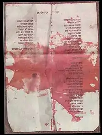 That line originally read שירו שיר לאהבה, ולא לניצחונות 'Sing a song to love and not to victories'. The original wording extolled peace and love over any tally of victories and conquests. Since the song was intended for a military ensemble, the head of the IDF education department at that time demanded that the line be removed. He argued that the performance of such a song by soldiers before an audience of other soldiers would be damaging to morale. In the end the IDF agreed to the replacement of the last word of the line, ניצחונות nitsakhonot 'victories' by מלחמות milkhamot 'wars', and the song was recorded and published in that revised form.[5][6]
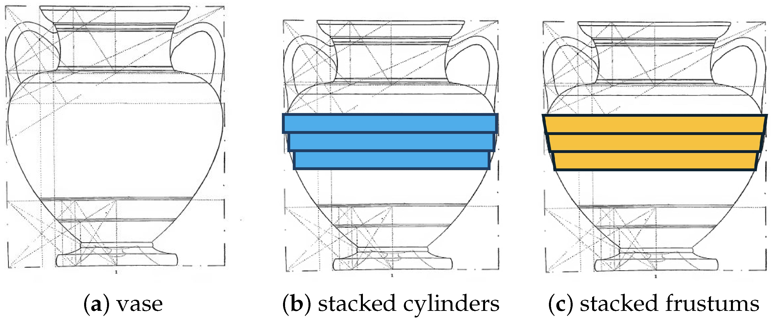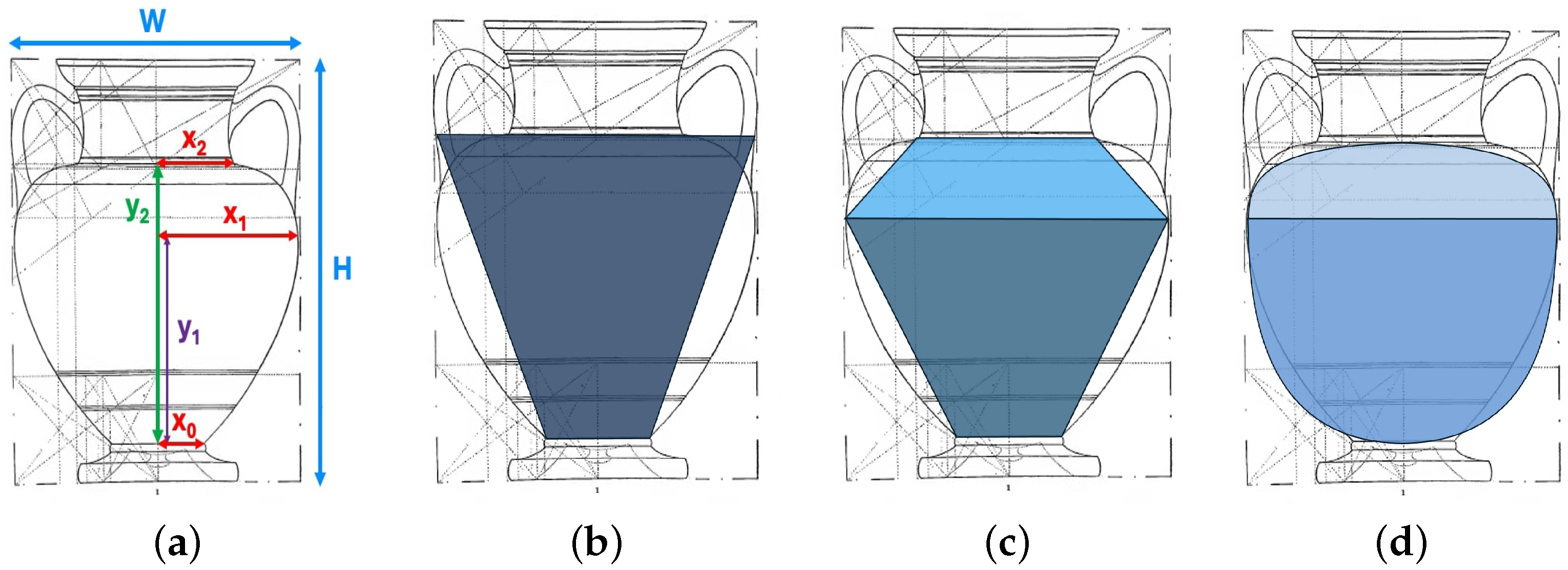 25], calculating the volume of ceramic vessels found whole or in fragments on archaeological sites is a key analytical endeavor that can have implications for economic and social activity, including storage, feasting, and trade. Direct measurements of volume are often infeasible due to age, condition, cracks, and restoration issues. As a result, other methods are needed, many of them based on advances in digital imaging and computer-assisted reconstruction [
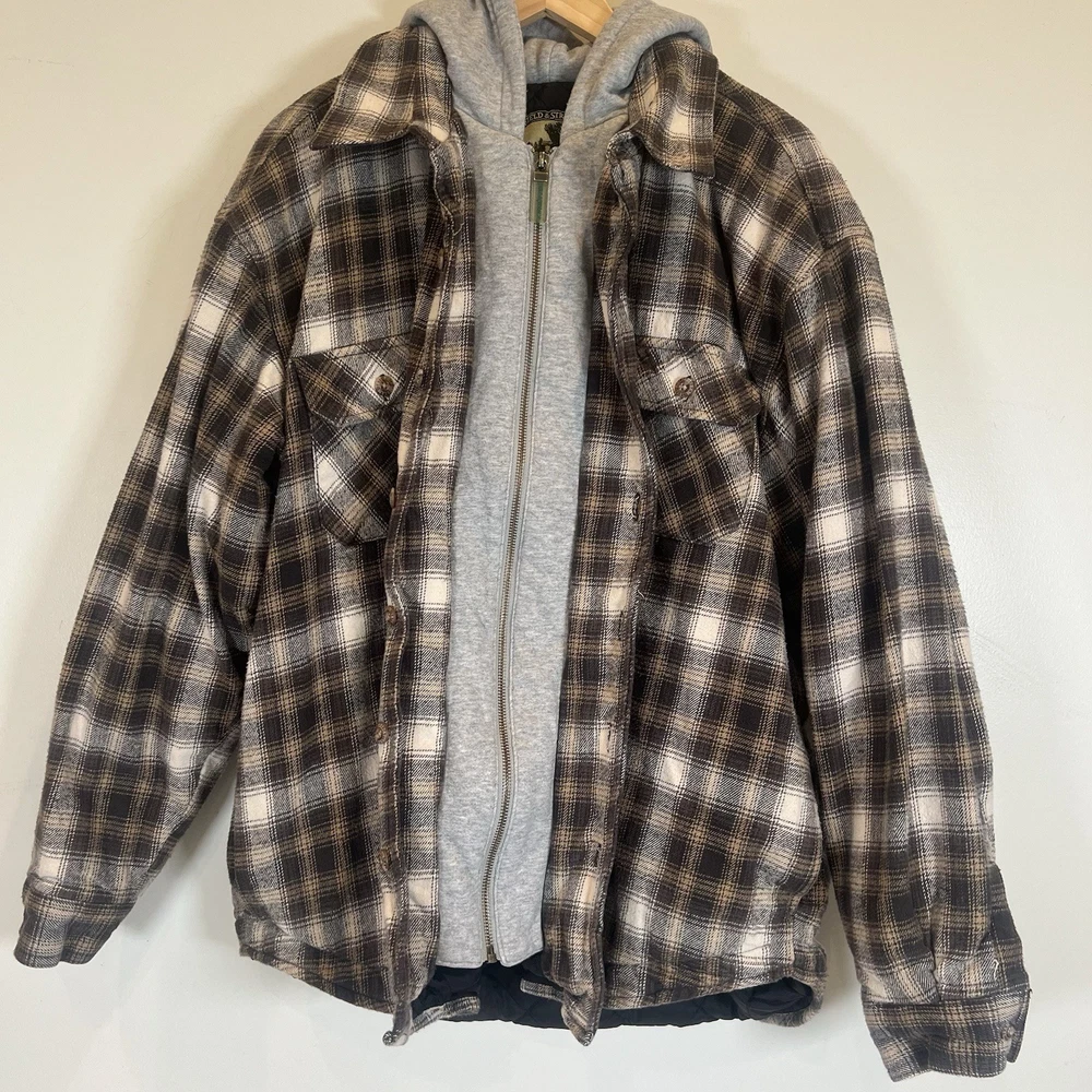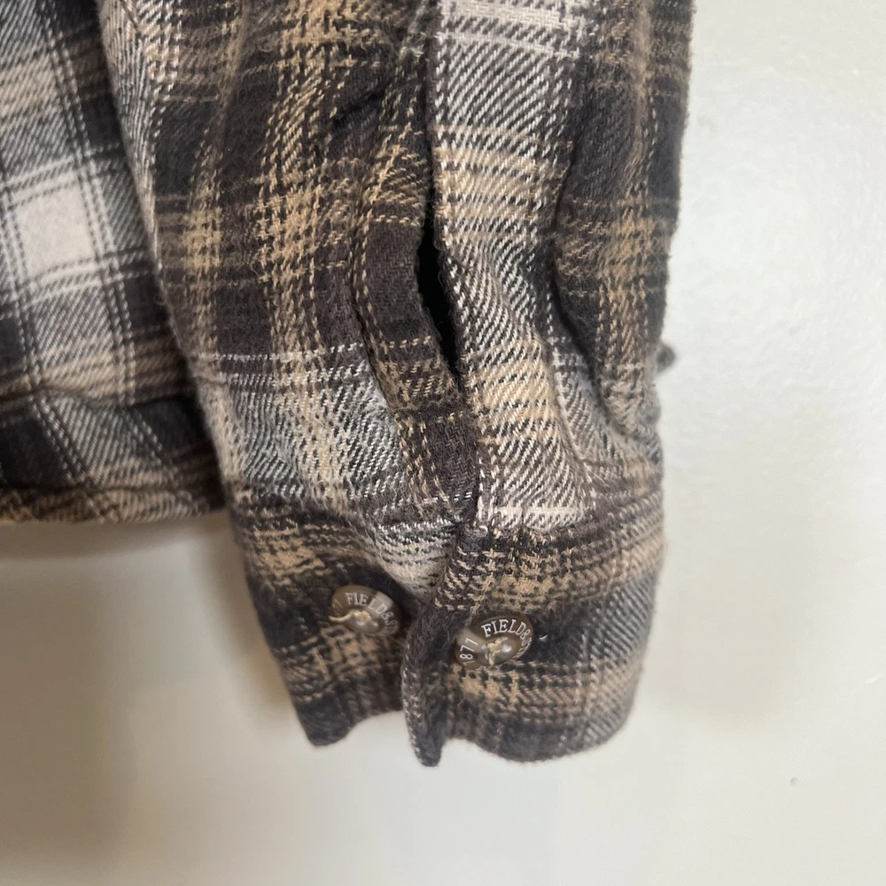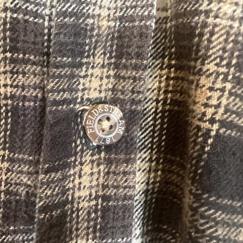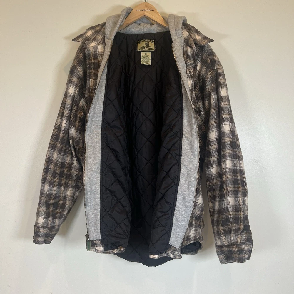 Field & Stream Flannel Plaid Zip Front Hooded Quilted Jacket Brown Mens XL Chest: 28 inches flat measure pit to pit while zipped Length: 31 inches from center back neckline to bottom hem edge Sleeve length: 24 inches from shoulder Shoulder to Shoulder: 24 inches All buttons attached. Zipper has Field & Stream Toggle. Zipper works. Button Chest Pockets; Slash style hand pockets Jacket has been washed. Pre-owned in excellent condition with no rips, holes, snags, stains, discoloration, or defects. See photos. Ask questions. Thank you!

• What you are asked to do:
The whole listing should be restated word for word, with no pictures.

• Solution to the problem:
 That line originally read שירו שיר לאהבה, ולא לניצחונות 'Sing a song to love and not to victories'. The original wording extolled peace and love over any tally of victories and conquests. Since the song was intended for a military ensemble, the head of the IDF education department at that time demanded that the line be removed. He argued that the performance of such a song by soldiers before an audience of other soldiers would be damaging to morale. In the end the IDF agreed to the replacement of the last word of the line, ניצחונות nitsakhonot 'victories' by מלחמות milkhamot 'wars', and the song was recorded and published in that revised form.[5][6]
 25], calculating the volume of ceramic vessels found whole or in fragments on archaeological sites is a key analytical endeavor that can have implications for economic and social activity, including storage, feasting, and trade. Direct measurements of volume are often infeasible due to age, condition, cracks, and restoration issues. As a result, other methods are needed, many of them based on advances in digital imaging and computer-assisted reconstruction [
 Field & Stream Flannel Plaid Zip Front Hooded Quilted Jacket Brown Mens XL Chest: 28 inches flat measure pit to pit while zipped Length: 31 inches from center back neckline to bottom hem edge Sleeve length: 24 inches from shoulder Shoulder to Shoulder: 24 inches All buttons attached. Zipper has Field & Stream Toggle. Zipper works. Button Chest Pockets; Slash style hand pockets Jacket has been washed. Pre-owned in excellent condition with no rips, holes, snags, stains, discoloration, or defects. See photos. Ask questions. Thank you!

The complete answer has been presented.